Provides an opportunity to practice and work towards mastery of individually chosen topics from Introductory Algebra - First Term (MTH 60). Completion of this course does not meet prerequisite requirements for other courses. Audit available.

Addendum to Course Description

This class is not intended to be a study hall for students to work on MTH assignments. The time needs to be spent working on material designated by your ALC instructor. If a student is co-enrolled in an MTH class, then this may include targeted materials which are intended to support the concepts being taught in that MTH class.

Intended Outcomes for the course

Upon completion of this course students will be able to:

  • Perform appropriate beginning algebraic computations in a wide variety of situations with and without a calculator.

  • Apply beginning algebraic problem solving strategies in multiple contexts.

  • Address beginning algebraic and quantitative problems with increased confidence.

  • Demonstrate progression through mathematical learning objectives established between the student and instructor.

Course Activities and Design

Instructors may employ the use of worksheets, textbooks, online software, mini-lectures, and/or group work.
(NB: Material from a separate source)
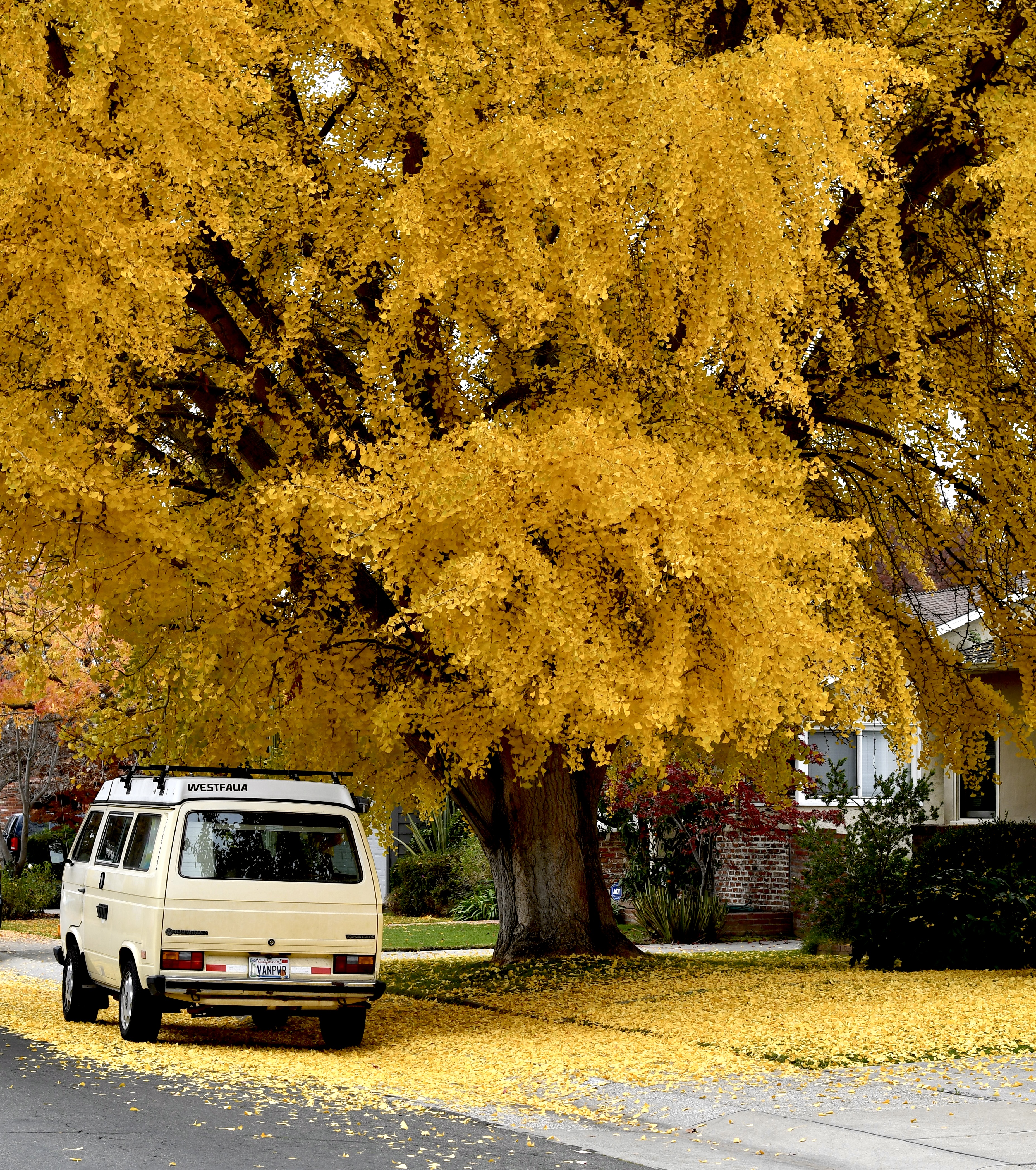 In Sacramento ginkgo trees are the last to lose their leaves. Yesterday the ginkgoes were in full grandeur, a spectacular yellow. So, I decided to park my 1984 Vanagon under a ginkgo to see how its faded yellow paintp compared to Mother Nature’s work. Of course, there was no comparison.

Outcome Assessment Strategies

Assessment shall include at least two of the following measures:

1. Active participation/effort

2. Personal program/portfolios

3. Individual student conference

4. Assignments

5. Pre/post evaluations

6. Tests/Quizzes

Course Content (Themes, Concepts, Issues and Skills)

Items from the course content may be chosen as appropriate for each student and some students may even work on content from other ALC courses as deemed appropriate by the instructor.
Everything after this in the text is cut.